● **What you will do**:
Exactly the lines from the one with "On the ground" through the final line of the entries, and nothing else, should appear in the answer; no pictures go in it.
########################################
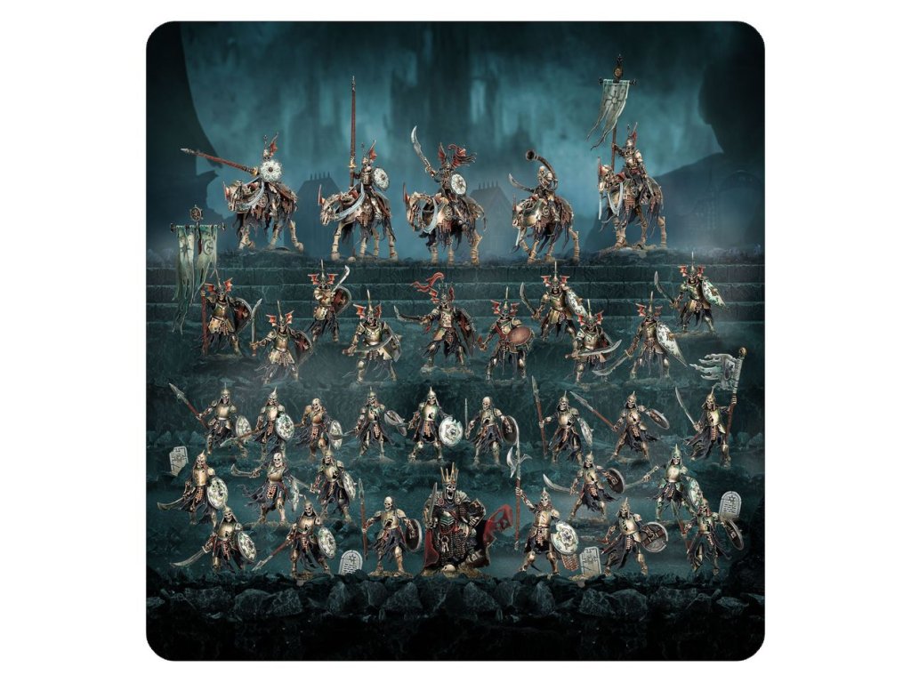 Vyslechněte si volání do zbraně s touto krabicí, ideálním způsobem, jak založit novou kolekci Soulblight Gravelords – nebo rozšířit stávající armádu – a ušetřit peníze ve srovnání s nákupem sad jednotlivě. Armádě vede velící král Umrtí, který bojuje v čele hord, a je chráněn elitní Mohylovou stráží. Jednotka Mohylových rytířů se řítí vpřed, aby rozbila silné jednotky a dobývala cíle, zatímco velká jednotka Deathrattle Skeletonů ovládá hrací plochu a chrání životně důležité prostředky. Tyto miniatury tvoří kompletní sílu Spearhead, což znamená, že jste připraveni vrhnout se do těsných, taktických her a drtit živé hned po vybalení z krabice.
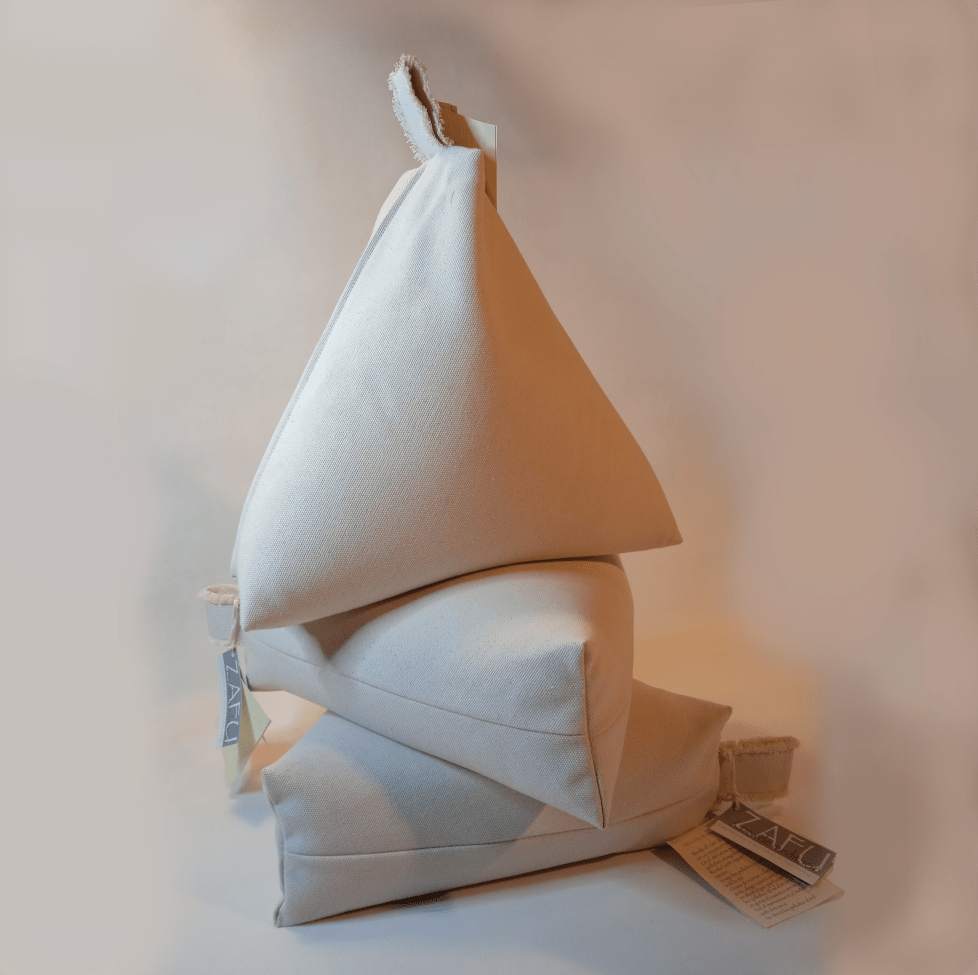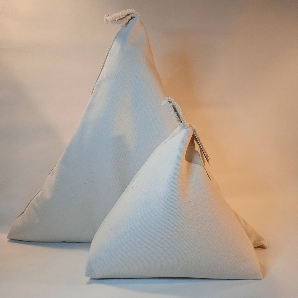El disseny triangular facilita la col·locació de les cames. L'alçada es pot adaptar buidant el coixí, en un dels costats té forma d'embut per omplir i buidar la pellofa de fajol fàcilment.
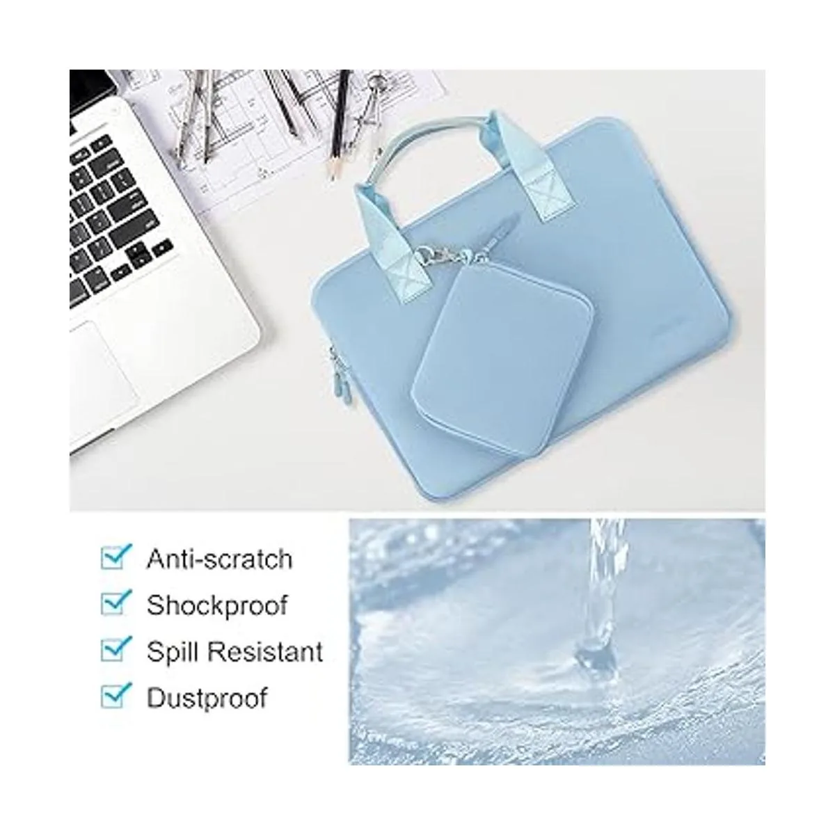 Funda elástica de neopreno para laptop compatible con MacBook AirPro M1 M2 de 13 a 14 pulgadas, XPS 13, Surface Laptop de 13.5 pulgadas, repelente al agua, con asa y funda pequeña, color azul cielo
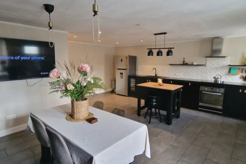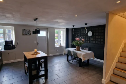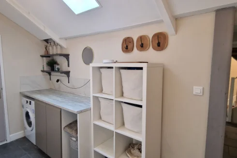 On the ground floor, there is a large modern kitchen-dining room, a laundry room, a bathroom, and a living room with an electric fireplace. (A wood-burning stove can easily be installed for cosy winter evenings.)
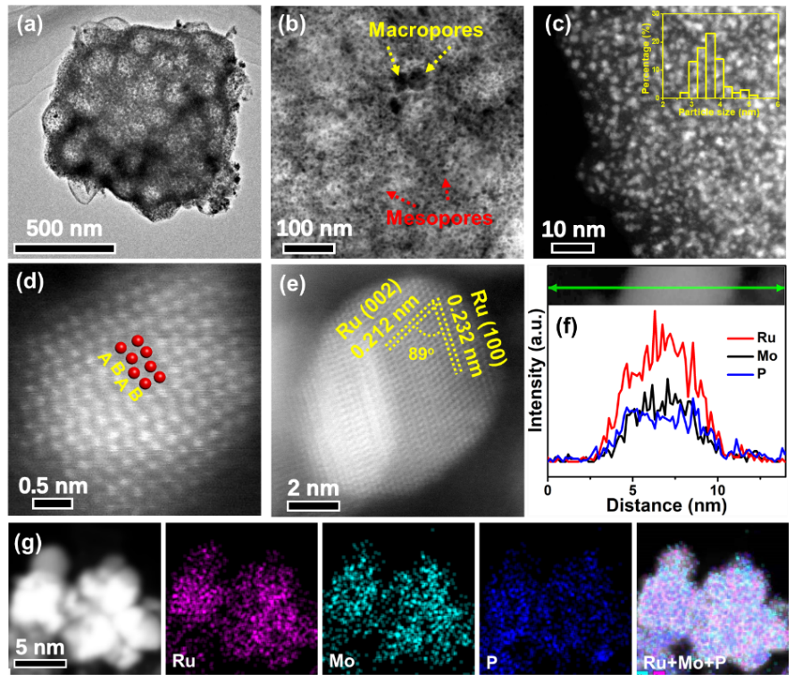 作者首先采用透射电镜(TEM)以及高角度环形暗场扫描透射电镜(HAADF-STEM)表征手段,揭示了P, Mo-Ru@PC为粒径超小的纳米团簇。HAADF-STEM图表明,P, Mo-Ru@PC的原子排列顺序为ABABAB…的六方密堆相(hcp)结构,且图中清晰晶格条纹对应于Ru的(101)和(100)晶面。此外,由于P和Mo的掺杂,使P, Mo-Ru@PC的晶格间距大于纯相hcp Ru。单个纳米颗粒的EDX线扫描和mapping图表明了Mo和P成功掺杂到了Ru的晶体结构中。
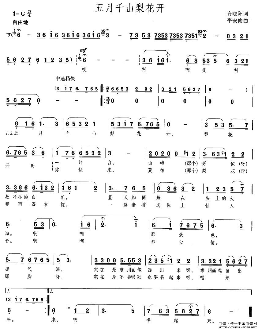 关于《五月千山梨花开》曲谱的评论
########################################
● **Expected answer**:
 On the ground floor, there is a large modern kitchen-dining room, a laundry room, a bathroom, and a living room with an electric fireplace. (A wood-burning stove can easily be installed for cosy winter evenings.)
 作者首先采用透射电镜(TEM)以及高角度环形暗场扫描透射电镜(HAADF-STEM)表征手段,揭示了P, Mo-Ru@PC为粒径超小的纳米团簇。HAADF-STEM图表明,P, Mo-Ru@PC的原子排列顺序为ABABAB…的六方密堆相(hcp)结构,且图中清晰晶格条纹对应于Ru的(101)和(100)晶面。此外,由于P和Mo的掺杂,使P, Mo-Ru@PC的晶格间距大于纯相hcp Ru。单个纳米颗粒的EDX线扫描和mapping图表明了Mo和P成功掺杂到了Ru的晶体结构中。
 关于《五月千山梨花开》曲谱的评论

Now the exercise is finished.